Scrutinize contract terms as thoroughly as pricing. Understand the termination clause, the required notice period, data ownership and portability rights, and what happens to outstanding AR if you move companies. Some contracts call for 90 days’ notice to terminate and prevent you from exporting your claim history. The fee structure is not the only cost of a billing relationship; the terms are equally important.
Conclusion
For most outsourced arrangements in the USA, medical billing services cost between 4% and 9% of revenue collected. The actual rate is based on practice size, specialty complexity, payer mix, and scope of services. When all overhead costs are properly allocated, the cost of comparison with in-house billing almost always favors outsourcing. The performance advantage of a specialized billing team generally produces sufficient additional collections to more than offset the difference in fees.
The cheapest one is not the right billing partner. It’s the one that collects the highest percentage of what your practice is owed, aggressively manages denials, keeps credentialing data current, and gives you the reporting visibility to hold them accountable. It is this mix of performance and transparency that turns billing into a cost center or a revenue driver.
Credex Healthcare’s professional medical billing solutions will help you control costs and maximize your collections. With transparent pricing, specialty-specific expertise, and an integrated revenue cycle management approach, we help practices improve clean claim rates, reduce denials, and keep more of what they earn. Call Credex Healthcare to find out the value of better billing performance to your practice.
Frequently Asked Questions
What percentage do medical billing companies charge?
Most US medical billing companies charge 4% to 9% of the monthly revenue collected. Small practices usually pay 6% to 9%, but mid-size groups with larger claim volumes can negotiate rates as low as 4% to 7%. The rate varies based on the complexity of the specialty, payer mix, volume of claims, and scope of services under contract.
Is outsourcing medical billing cost-effective?
Yes, for the most part. Outsourcing is generally more cost-effective than in-house billing when the full costs are considered (salary, employer overhead, software, clearinghouse fees, turnover, etc.) and results in higher clean claim rates. Most practices do not break even on in-house billing until they are well over $4 million to $5 million in annual collections, at which point they usually require a dedicated billing department.

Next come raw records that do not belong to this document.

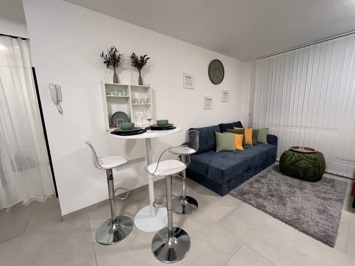 Bienvenido a nuestro estudio en el centro de Wiener Neustadt, a pocos pasos de la catedral, el encantador casco antiguo, el Landesklinikum y el campus de la ciudad de la universidad de ciencias aplicadas. La propiedad de 50 m² ofrece un balcón frente al tranquilo patio, la decoración elegante y el check-in autónomo hacen que tu estancia sea muy agradable. El estudio es ideal para 2 personas, pero un sofá cama de alta calidad (2 m x 1,4 m) también puede alojar hasta 4 huéspedes.
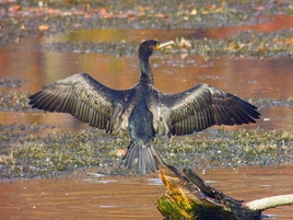 Die Beschreibung dafür folgt am Ende des Berichtes. Bei wunderschönem Herbstwetter trafen wir am See ein und waren sofort erstaunt über die große Anzahl an Vögeln, die wir schon ohne Fernglas ausmachen konnten. Im See ist noch eine große Menge der Wasserpest, welche ideale Futterbedingungen für die Vögel schafft.
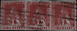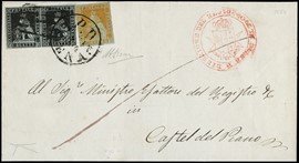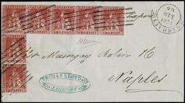 1851 - 1cr carminio chiaro su carta grigia, da 'LIVORNO 20 OTT 1854' a Napoli; ST7 'a seggiola'. Massima striscia [..]
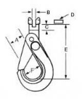 | Size | W.L.L. in lbs | A | B | C | D | E | F | Approx. wt. each in lbs. |
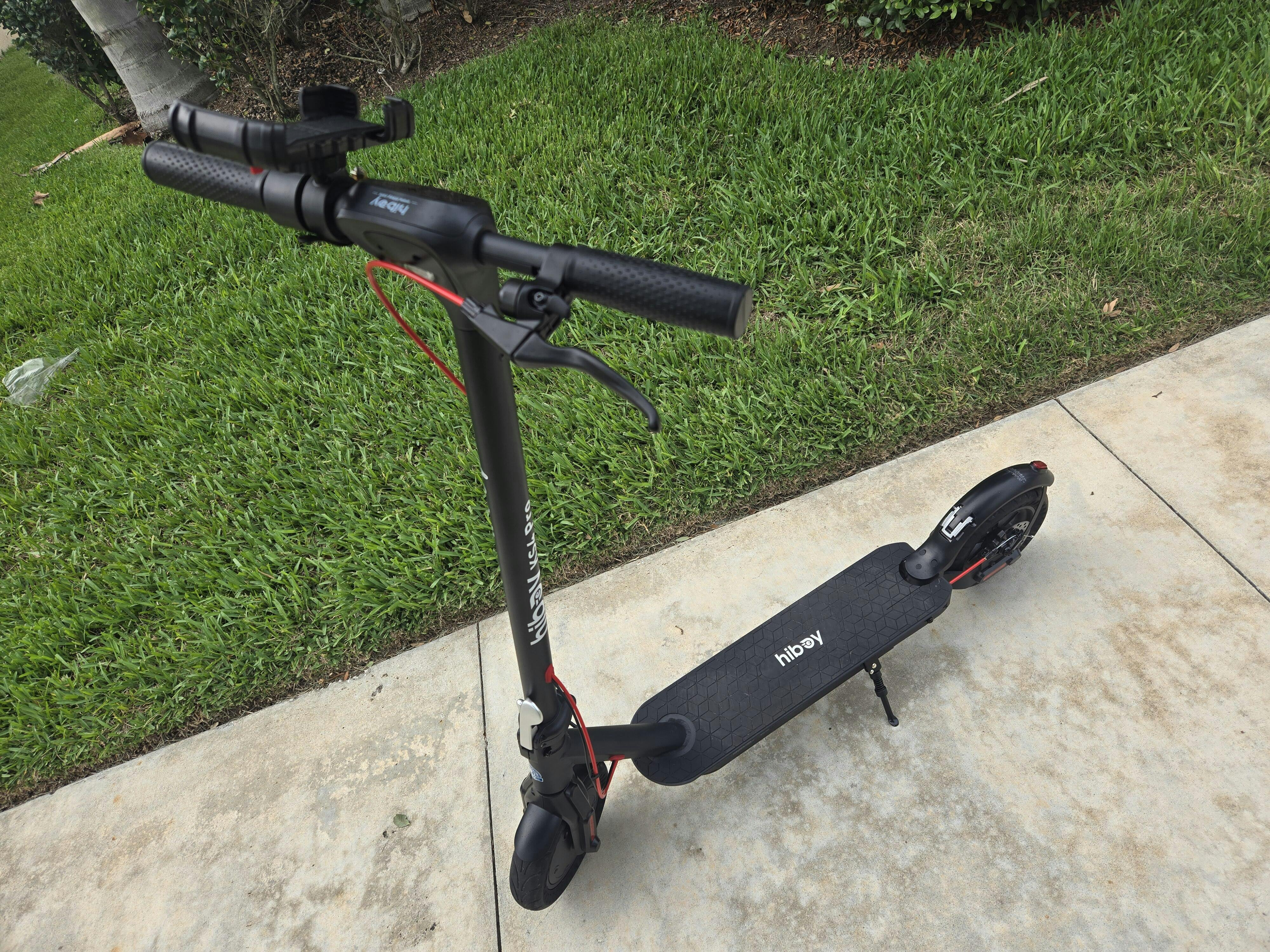 Riding safe at night with the taillights, headlights and sidelights on the Hiboy scooter.
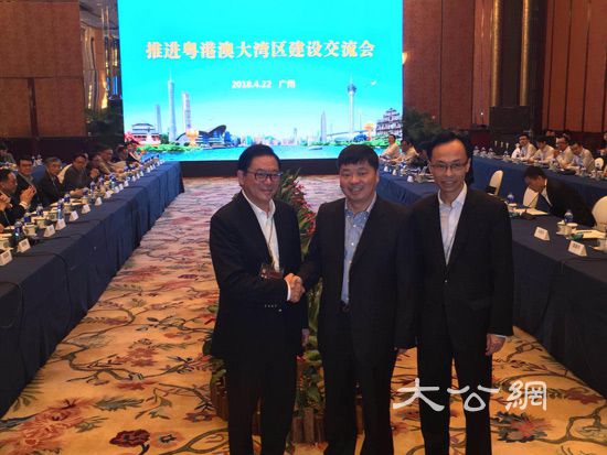 上午參觀無人機企業後,考察團參加「推進粵港澳大灣區建設交流會」,廣東省副省長歐陽衛民出席。
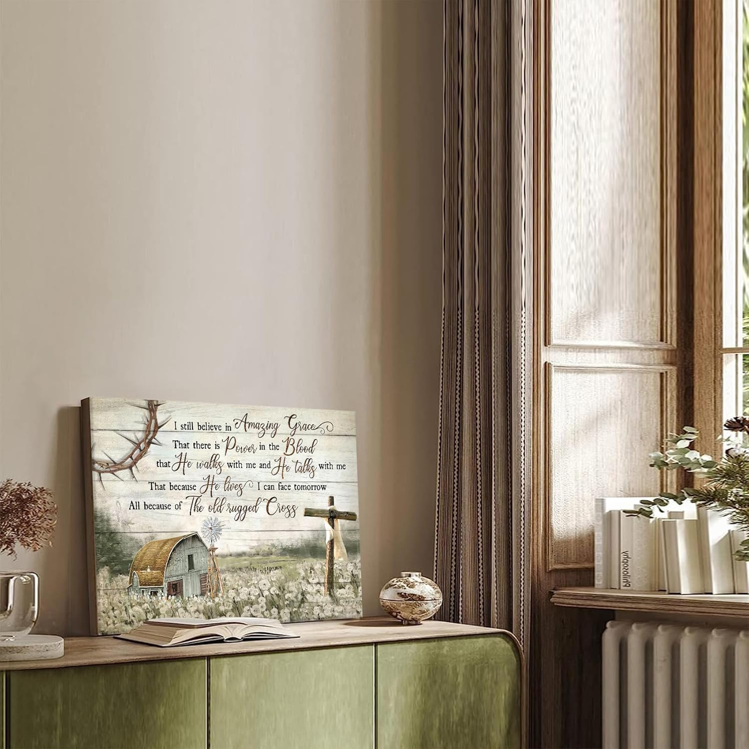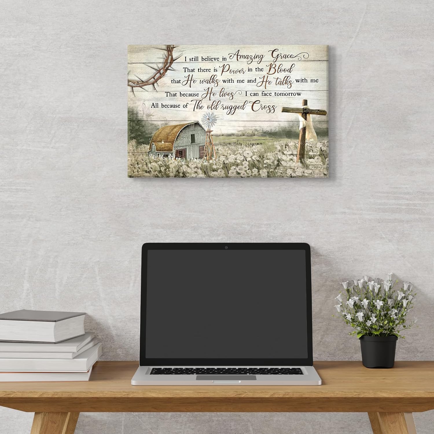HDXUFJQ Christian Wall Art Barn Windmill Canvas Wall Decor Religious Cross Wall Art I Still Believe In Amazing Grace Picture Print Christian Prayer Decor Paintings Ready To Hang(12″x16″)
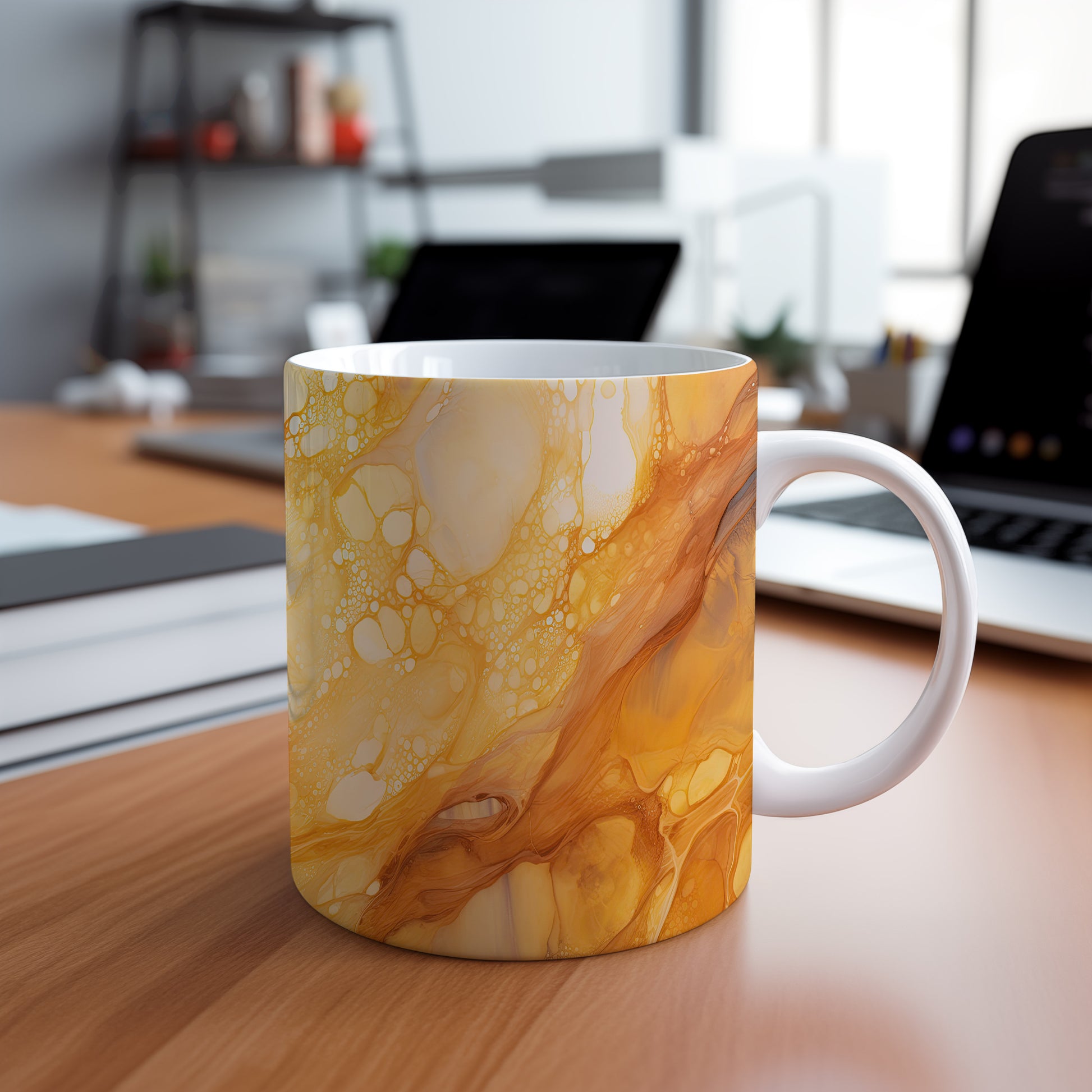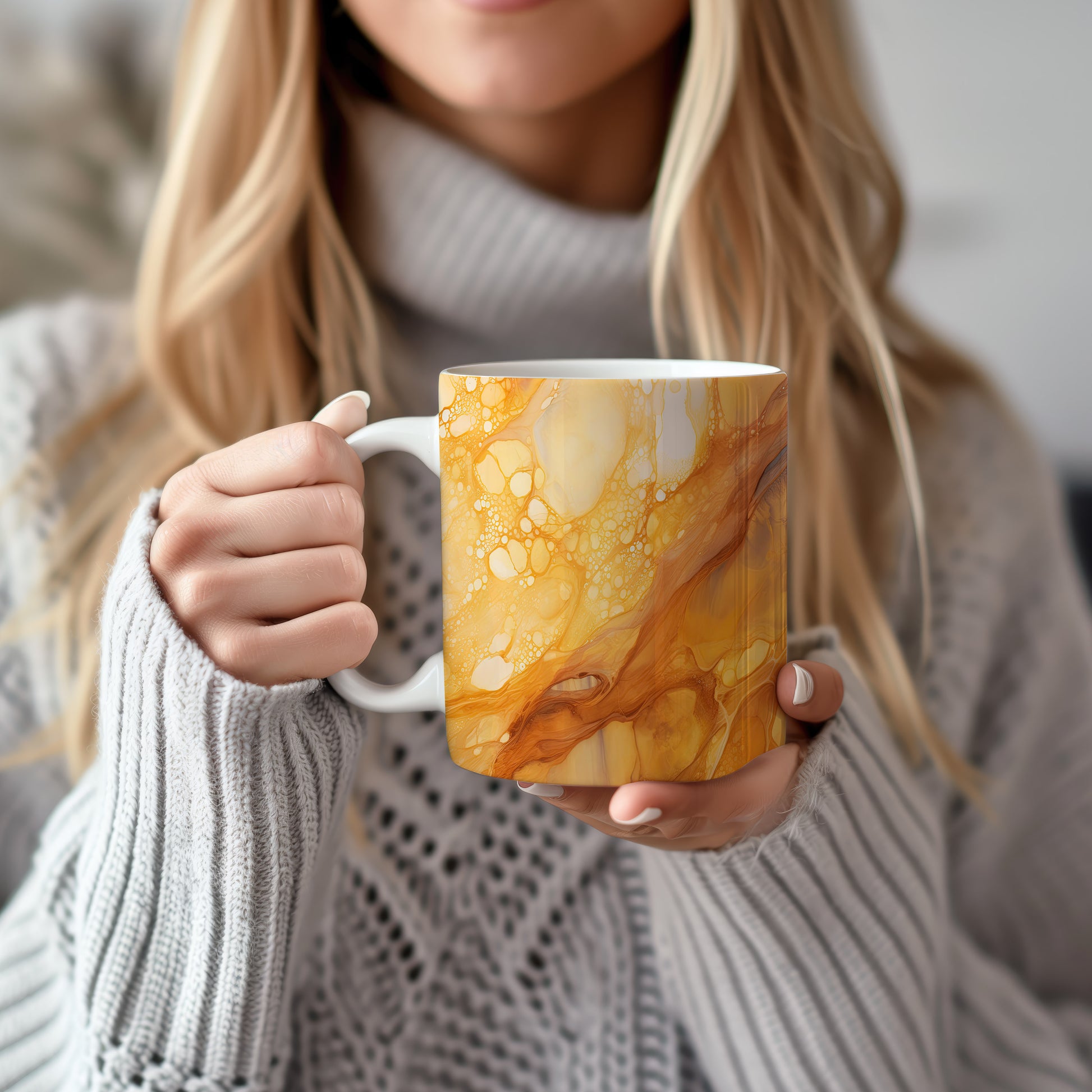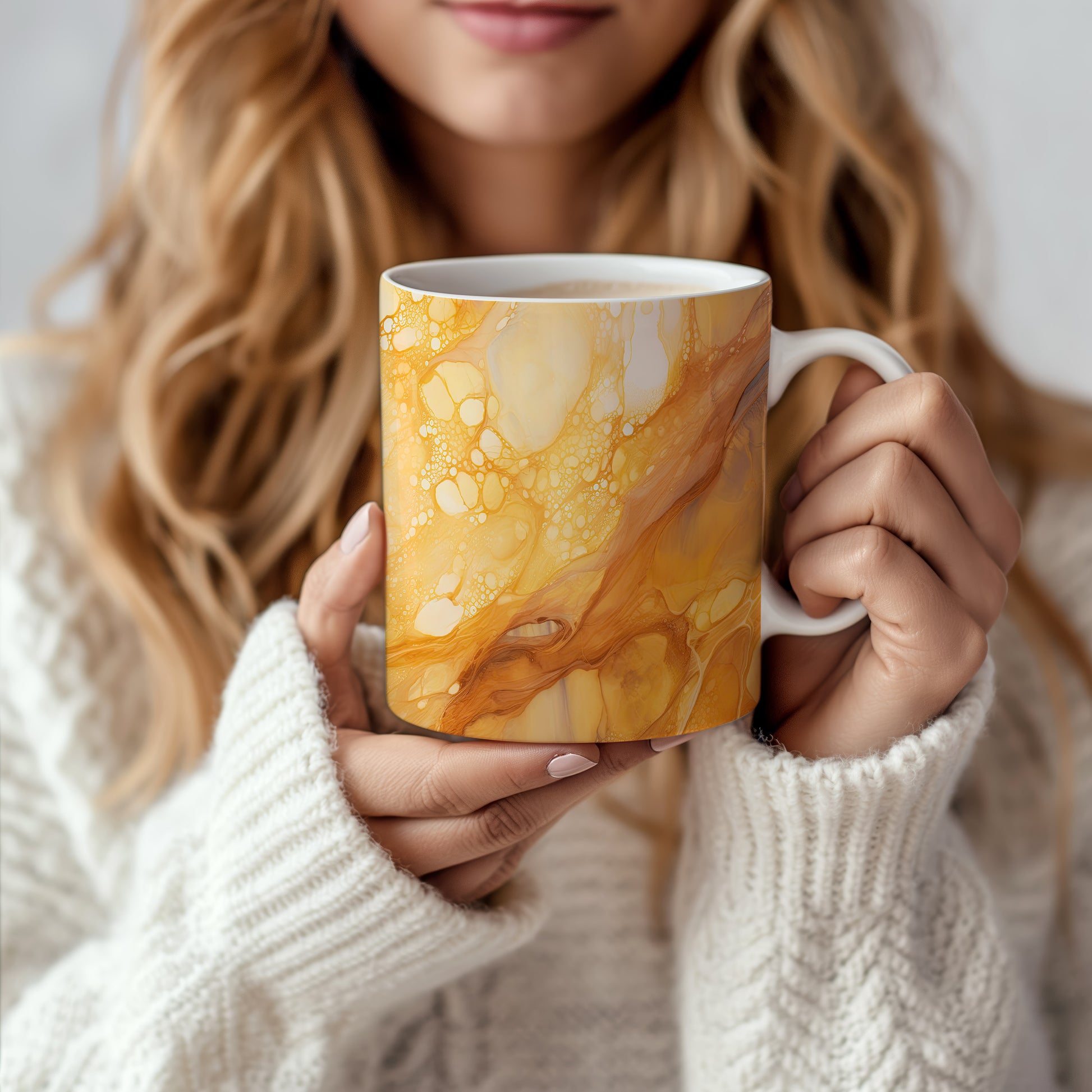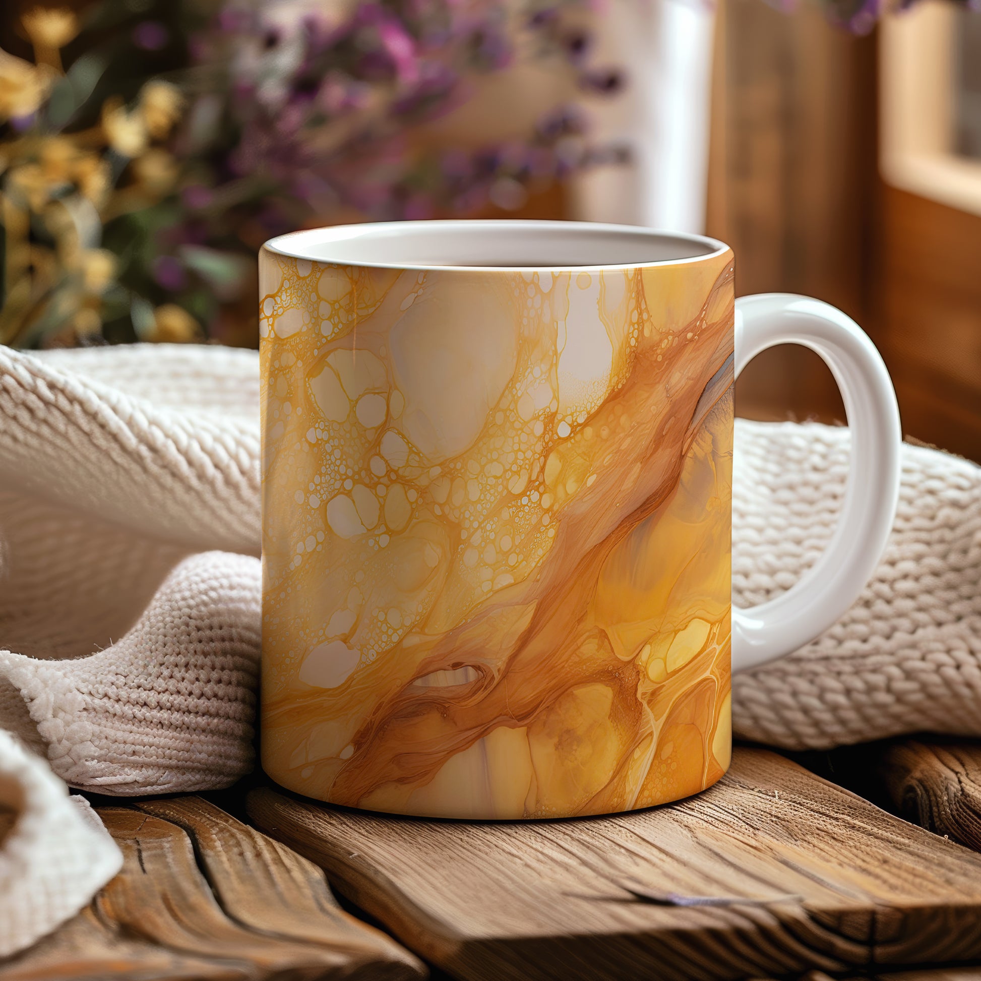 Hrnek s mramorovým vzorem v oranžových a béžových tónech

What is the average cost of medical billing services?
In the USA, small to mid-size practices spend an average of 5% to 7% of collected revenue for outsourced medical billing services. Flat-fee arrangements typically cost $500 to $1,500 per month for solo providers and scale based on provider count and claim volume. The right benchmark will depend on your specialty and practice size.
Are there setup fees for medical billing companies?
According to some billing companies, the cost of onboarding or setup fees ranges from a few hundred dollars to over $2,000, depending on the complexity of EHR integration and the size of the practice. Some bypass the setup fees entirely. Always verify what is included in the base contract and what will result in additional charges: patient statements, credentialing support, and advanced reporting.